Ибо(!) я ни в коем случае не кончал с собой, позволив победить меня несравненным донам Луисам. Просто в этой истории мне не было реального места, а ведь я (как и мои оставшиеся несравненными поэты) не мог бы смириться с тем, что истина анонимна. Не мог с ними не быть согласным и громо-гласно не объявлять об этом.

Ведь искусство авторитарно. Автор прямо-таки навязывает своё соавторство Творцу всего сущего (а оно всё никак не навязывается!); и вот здесь мы касаемся чуда веры, которая есть осуществление ожидаемого и уверенность в невидимом (Павел); впрочем, всегда ли чудо? Часто обстоятельства бывают для нас — как смирительная рубашка для безумного. (Монах Симеон Афонский)

Ведь и с крещением иудеев в Испании дело обстояло интересней; я не случайно затронул тему ренегатства новых мусульман и их грустную судьбу. Вот некоторая иллюстрация: Педро (или Алонсо) де Картахэна, потомок Соломона Га-Леви, эрудита в талмудических науках и знатока богословия, и Давид Абенатор Мэло, по всей видимости сохранивший верность вере Авраама, Исаака и Иакова представляли собой один — ренегата, другой — ортодокса.

Насколько сложны явления мироформирования, и насколько вульгарно могут пониматься их проявления в нашей птолемеевой плоскости глобуса (как прохождение той же сферы глобуса сквозь лист бумаги, напоминая сердцебиение), можно проследить по помянутым выше диспутам.
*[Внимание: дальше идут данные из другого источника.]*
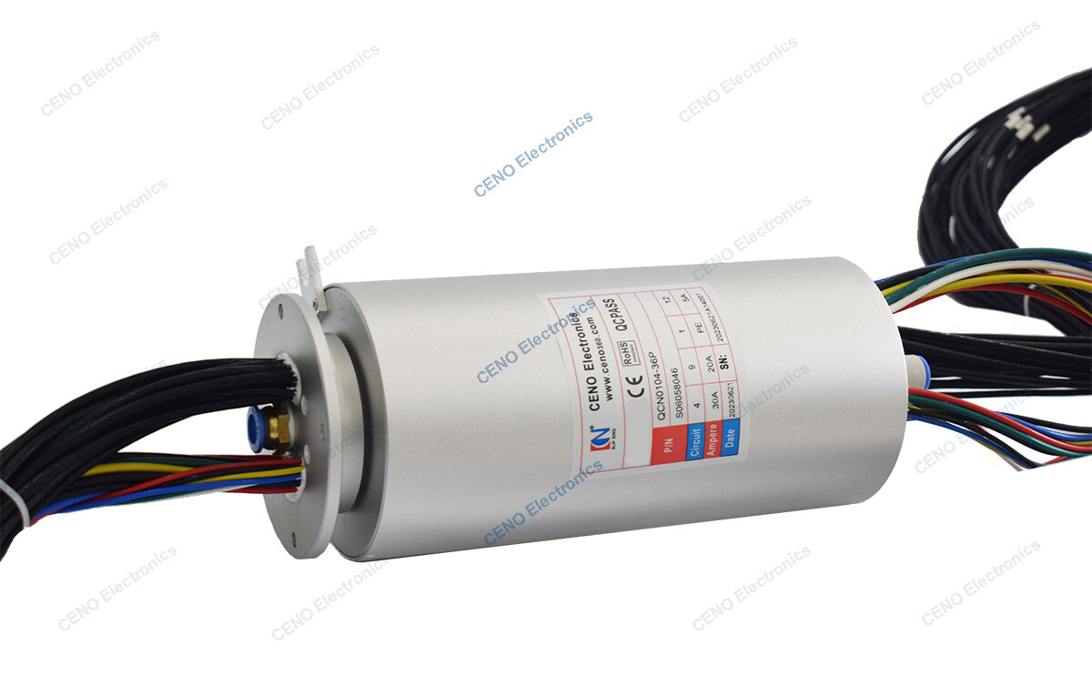 QCN0104-36P is CENO new integrated slip ring with 1 channel oxygen. Electrical slip ring and pneumatic or rotary unions combined slip ring is designed for some special applications that require both electric collector and pneumatic / hydraulic rotary unions. Take the vehicular slip ring for example, the tanks, mobile missile launchers and armored personnel carriers pose a variety of challenges. Which can prevent tube winding problem well, and can provide 1-24 pneumatic passage and hundreds wires power or signals for different specific applications, for more information please contact us freely.

«Давление, которое оказывалось в течение всего Средневековья на евреев, чтобы они изменили своей религии и приняли веру окружающего их большинства, не однажды принимало форму вспышек насилия, результатом которых было навязывание еврейскому населению религии большинства. Это явление было распространено в христианском мире (впрочем, оно было известно и в мусульманских странах). В королевстве франков во второй половине VI — начале VII вв. и в королевстве визиготов на протяжении всего VII в. евреев всячески принуждали принять христианскую веру. В Византийской империи евреев также заставляли креститься с помощью угроз и насилия, особенно в конце IX в. — первой половине Х в. Эти волны принудительных крещений создали во всех упомянутых местах группы евреев, обращенных против воли (анусим) и вынужденных внешне выражать лояльность новой религии. Правда, католическая церковь в принципе выступала против насильственных мер в крещении евреев, но при этом и от тех, кто был обращен не по своей воле, она требовала уважать таинство крещения и вести себя, как христиане во всех отношениях. Когда германский император Генрих IV (1056–1106) разрешил вернуться к своей религии евреям, насильственно крещенным во время Первого крестового похода, папа Урбан II (1088-1099) осудил его за этот шаг, вызвавший противодействие и гнев у горожан долины Рейна.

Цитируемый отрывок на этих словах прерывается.